For every function $f:\mathbb{R}^+\to\mathbb{R}$ and positive constants $a,b$, define a function $f_{a,b}:(0,1)\to\mathbb{R}$: $$ f_{a,b}(x) := f(2a\cdot x) + f(2b\cdot(1-x))$$ A function $f$ is good if the function $f_{a,b}$ has a unique maximum at $x=1/2$ for every $a$ and $b$.
What are the good functions?
One family of good functions is the family of logarithmic functions, $f(x)=c\cdot \ln{x}+d$, for some constants $c>0$ and $d$. PROOF: If $f$ is logarithmic then $a$ and $b$ do not affect the maximization, so the maximum-point of $f_{a,b}$ is just the maximum point of the function: $c\ln{x} + c\ln{(1-x)}$. By standard calculus, the unique maximum is at $x=1/2$.
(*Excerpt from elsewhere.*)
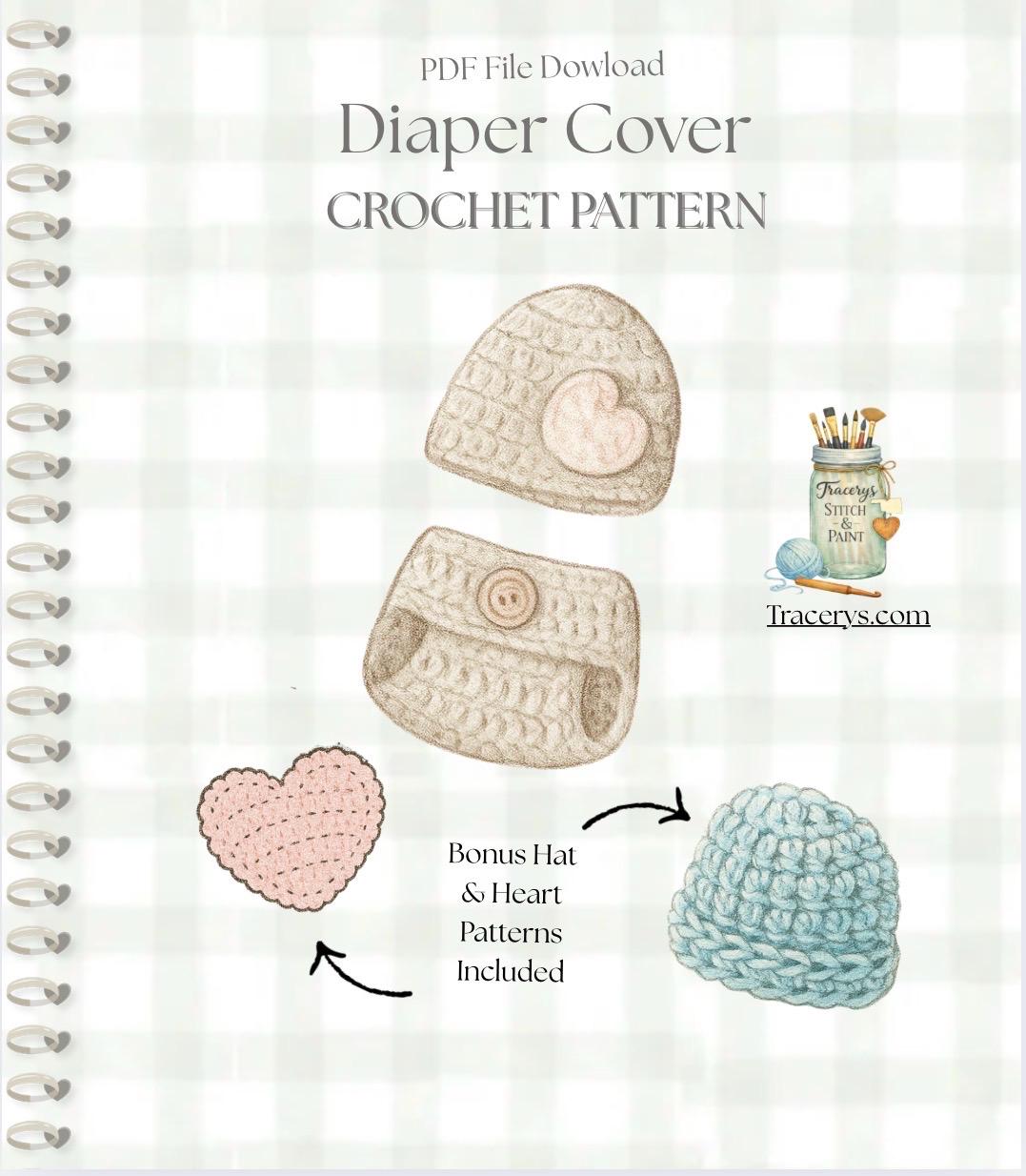 Crochet Diaper Cover Pattern + Bonus Hat & Heart | PDF Instant Download | Newborn Photo Prop – Baby Shower Gift – Beginner Friendly

My conjecture is that only the logarithmic functions are good. Currently I can prove this uniqueness only in the family of differentiable functions. PROOF: If $f$ is differentiable then:
$$ f_{a,b}'(x) := 2a\cdot f'(2a x) - 2b\cdot f(2b (1-x))$$ $$ f_{a,b}'(1/2) := 2a\cdot f'(a) - 2b\cdot f(b)$$ If 1/2 is a unique maximum point then $f_{a,b}'(x)=0$. Hence, for all $a,b$: $$ a f'(a) = b f'(b)$$ so there exist constants $c,d$ such that: $$ x f'(x) \equiv c$$ $$ f'(x) = c/x$$ $$ f(x) = c \cdot \ln x + d$$ so, if $f$ is differentiable and good, it must be a logarithmic function.
So, there are two options:
There are other good functions, which are not differentiable.
There are no other good functions.
I believe that option 2 is correct, but to prove it, the uniqueness proof from above should be modified to work without derivatives. Is this possible?